В лучшие времена либо он, либо Джон, который был расстроен гораздо меньше, могли бы предвидеть разорение. Но ни они, ни правительство не смогли бы ничего изменить, и акции так упали в цене, что оба они потерпели огромные убытки. Реставрацию замка Саттон отложили на неопределенное время, а вместо этого из дома уплыло несколько дорогих картин и столовое серебро. Но Джон до последнего момента не отдавал себе отчета в том, насколько ужасно положение Джозефа. Даже если бы он и догадался о падении английской компании, французская-то ведь тоже развалилась. Таким образом, Джозеф потерял все: жену, состояние и даже право называть Гарнета своим сыном. Поэтому Джон приказал своему кучеру безотлагательно доставить его в Дувр.

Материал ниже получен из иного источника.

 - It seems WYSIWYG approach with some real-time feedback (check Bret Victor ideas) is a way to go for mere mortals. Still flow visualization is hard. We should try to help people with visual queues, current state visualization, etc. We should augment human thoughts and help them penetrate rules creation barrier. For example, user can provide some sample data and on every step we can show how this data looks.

Переступив порог гостиницы, он сразу же вспомнил, что в последний раз приезжал сюда восемнадцать месяцев назад, когда отправлял Мэтью Бенистера в Европу для участия в спасении принцессы Клементины. Как же все изменилось за такой короткий промежуток времени! Тогда Сибелла только вышла замуж, а Мелиор Мэри, полная пламенного стремления принять участие в приключении, убежала из дому; Джозеф же тем временем уже успел оказаться при польском дворе, готовый в любую минуту войти в роль Шатедо, камергера принцессы. А теперь Сибелла лежит в семейной усыпальнице Гейджей, Мелиор Мэри отгородилась от мира, а Джозеф потерпел поражение на всех фронтах. И от Гиацинта нет ни весточки. С тех пор как он дождливым майским утром покинул Саттон, о нем никто ничего не слышал. Джон все время думал о проклятии, которое накликало на них все эти беды, и содрогался при одной мысли о нем.

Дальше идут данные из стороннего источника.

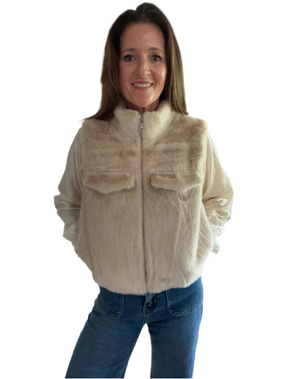 Cream Faux Fur Pocket Gilet - 2 sizes

Вдруг за спиной послышался знакомый голос:
– Итак, Джон, ты все-таки приехал.
Он резко обернулся, но едва узнал Джозефа. Пристальнее вглядевшись в человека, стоявшего перед ним, он удивленно вскрикнул. Джон рассчитывал найти бывшего щеголя в полном отчаянии, сморкающегося в платок, а увидел перед собой мужчину, полного мощи, энергии и непоколебимого желания бороться со всем миром.
Но в Джозефе изменилось не только это. Если бы Джон встретил шурина на улице, он бы никогда не узнал его. Щегольского наряда больше не было, исчезли и локоны, и лорнет, и прогулочная трость, а их место заняли замшевые брюки, простая рубашка, кожаный плащ и дорожные башмаки. А вместо огромного белого парика отросли до плеч когда-то короткие густые волосы, завязанные сзади маленькой черной ленточкой. Кошачьи глаза стали непроницаемыми, а у рта залегла скорбная складка. Джозеф был совершенно неузнаваем. Джон мог только воскликнуть:
– Джозеф, как же ты изменился!
– Да, я больше не франт. Это являло бы собой жалкое зрелище, раз я лишился состояния, которое всегда было у меня за спиной. Разве ты не согласен?

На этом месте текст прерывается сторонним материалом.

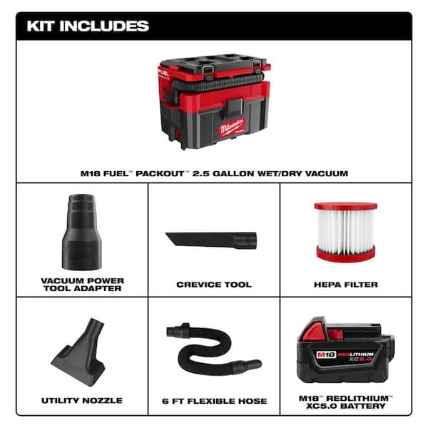 M18 FUEL PACKOUT 18-Volt Lithium-Ion Cordless 2.5 Gal. Wet/Dry Vacuum and M18 5.0 Ah Lithium-Ion XC Battery Pack
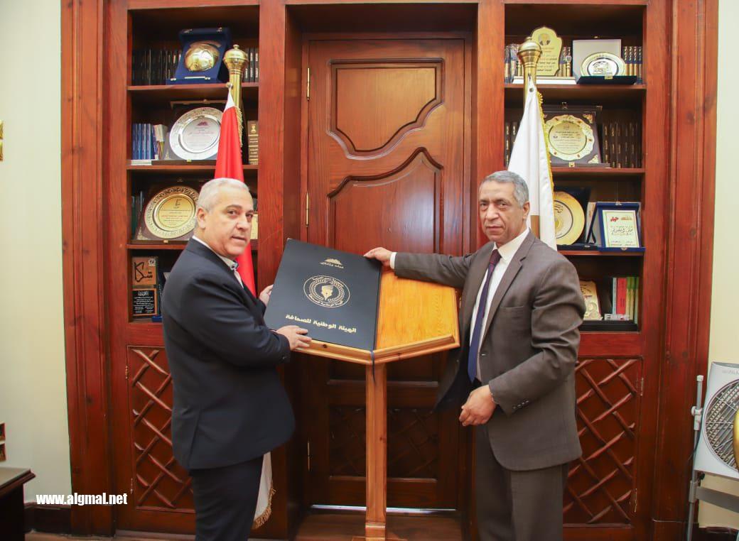حضر اللقاء الكاتب الصحفى علاء ثابت وكيل الهيئة والمستشار عادل بريك المستشار القانوني للهيئة والأستاذ حمدي رزق عضو الهيئة والمستشار مدحت لاشين المستشار القانوني لرئيس الهيئة والأستاذ وليد عبد العزيز عضو الهيئة السابق

– Но куда же ты направляешься в таком виде? Что собираешься делать?
– У меня есть десять гиней, чтобы не умереть с голоду. Этого хватит, чтобы оплатить дорогу во Францию мне, Гарнету и Черномазому. В Париже у меня есть связи, которые помогут мне подняться на ноги. Затем я намерен засвидетельствовать свое почтение королю в Риме, а потом отправлюсь в Испанию и присоединюсь к Вогану, Миссету и Гейдону. Короче говоря, я собираюсь поступить на военную службу испанского короля.
Уэстон онемел от удивления. Этого он никак не мог ожидать.
– И ты берешь… – он запнулся, потеряв дар речи, – ты берешь с собой Гарнета?
– Конечно. Он – единственное, что у меня осталось в этом мире, кроме негра. Да не смотри на меня так! Между прочим, в Испании тоже есть дети. Я слышал, что Тэмсин Миссет родила чудесную девочку и сама принцесса Клементина стала ее крестной матерью.
Джон покачал головой.
– Но что ты знаешь о военной службе?
– В ней нет ничего такого, чему я не смогу научиться. Мне ведь еще нет сорока, мне всего тридцать семь, Джон. Я вполне могу начать новую жизнь.
– А где сейчас ребенок?
– Здесь. Пойдем наверх, он там спит.
В крошечной спальне, где Джон не мог даже как следует разогнуться, на руках у негра спал сын Сибеллы. Ему исполнилось девять месяцев, и теперь он еще больше стал похож на Бенистера. Как будто прочитав мысли Джона, Джозеф ответил ему:
– Я вижу в нем только Сибеллу, и лишь это имеет для меня значение. Он любит меня как своего отца, Джон. Его первая улыбка предназначалась не кому-нибудь, а мне. Мы с ним объединим усилия и вместе переживем трудное время, пока я не наживу для него нового состояния.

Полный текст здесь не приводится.